Он бы чуть наклонился к ней. Его красивое, волевое она увидела бы совсем близко. И внимательно вгляделась бы в него, пытаясь найти то, что давно не замечала в окружающих.
Глава 4.
Теперь, благодаря имени, ветру, что принесла с собой осень, хранительница всегда сопровождала её, своей любовью ограждая от жизни, страданий, что приносят пятнадцать лет и первая любовь. Будь это возможно, она бы считала, что сумела обойти закон. Но закона не было. Не было и правил. Была только любовь хранителя к человеку, неблагодарное заблуждение человека в том, что он один на этом свете. И шанс. Шанс узнать, что это не так.
Леонора привыкла к своему имени. Медленно, не потому, что это было трудно, а потому что не вписывалось в рамки здравого смысла, которым располагает человек, привыкли к нему и другие. Мама все еще упрямо повторяла прежнее имя, смотрела исподлобья, однажды кричала. А потом вдруг смирилась. Или посчитала, что это уйдет, как ушло когда-то у неё. И не вернулось.
-Не уйдет... это никогда не уйдет, - думала Леонора, и душа её в такие моменты, казалось, прощалась с одиночеством.
В её сознании новое имя почему-то было неразрывно связано с Артемом, с любовью, с его образом.
...кажется, она спала, когда вновь получила шанс. Дни теперь сделалась такими же богатыми на возможность использовать и обрести шанс, как и ночи: хранительница всегда была рядом. А темнота по-прежнему заглядывала в сердце девочки только по ночам, окутывала её, забирая мысли, воспоминания об очередном дне. Забирая то ненавистное непонимание, что сопровождало её в реальности. Темнота будто притупляла чувства, смягчала боль и оставляла любовь к Артему лишь неясным прошлым, не имеющим значения.
-этого не может быть, - подумала хранительница вслух, и изумрудные глаза её, при жизни живые, яркие, а сейчас тусклые, заглушенные ненавистной темнотой, загорелись, проникая в сознание спящей Леоноры.

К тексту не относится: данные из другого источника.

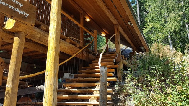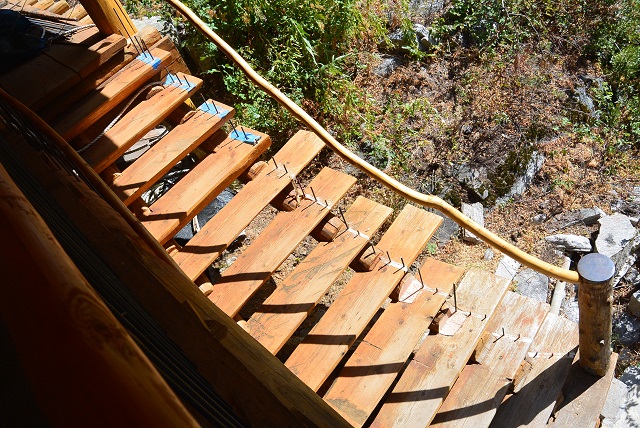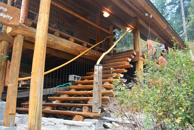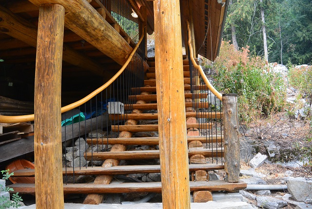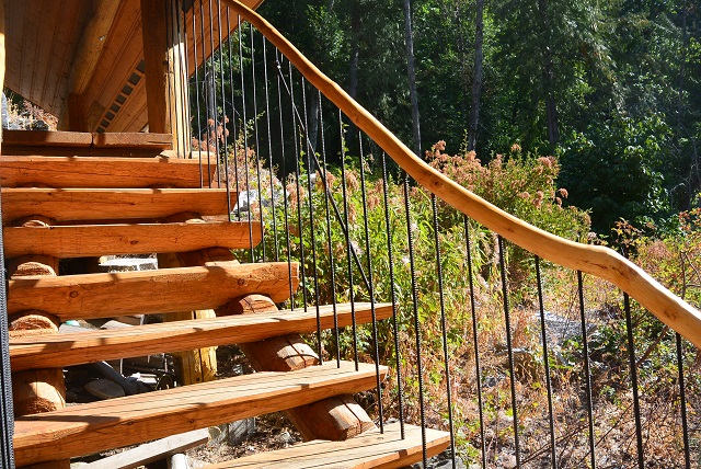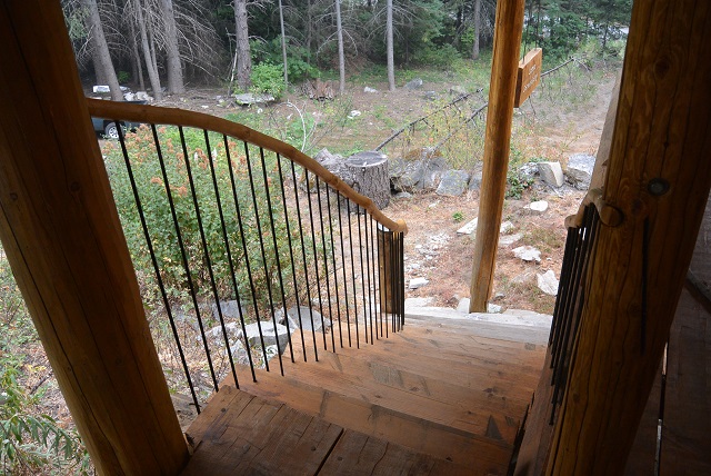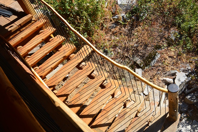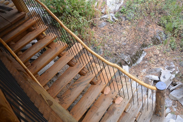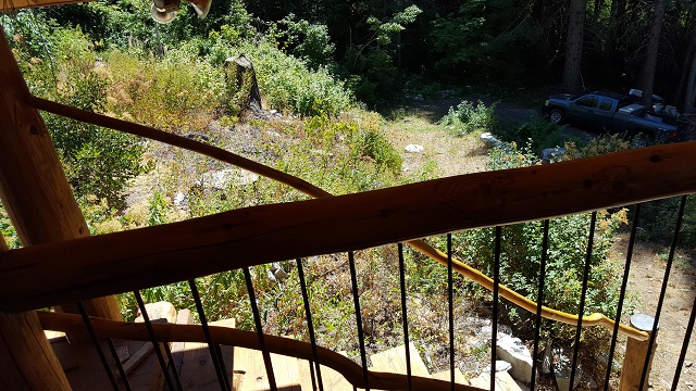 9/6/17 The front staircase seen as you approach from the roadway. There is still some trimming and staining to do, and I'll install a brace mid-span, but most of the work is done.

И хоть она знала каждый шаг и каждую мысль подопечной, каждую мечту и каждое желание, она снова и снова перебирала его образы, направляя её сны и пытаясь понять, нужен ли ей этот шанс... или она и вправду забыла?
Вот Артем в столовой, с друзьями... вот он спешит на урок, на ходу сбивая девятиклассницу и легко подхватывая её на руки, со смехом принося извинения... а вот он идет ей на встречу, и их глаза сейчас встретятся...
Но их глаза не встретились, Леонора не проснулась, потому что хранительницу вовремя вытолкнула из закоулков юной души темнота. Вытолкнула мягко, почти вежливо и тут же скрыла девочку в своих ласковых объятиях. Затушив последние искорки света, что успела посеять хранительница.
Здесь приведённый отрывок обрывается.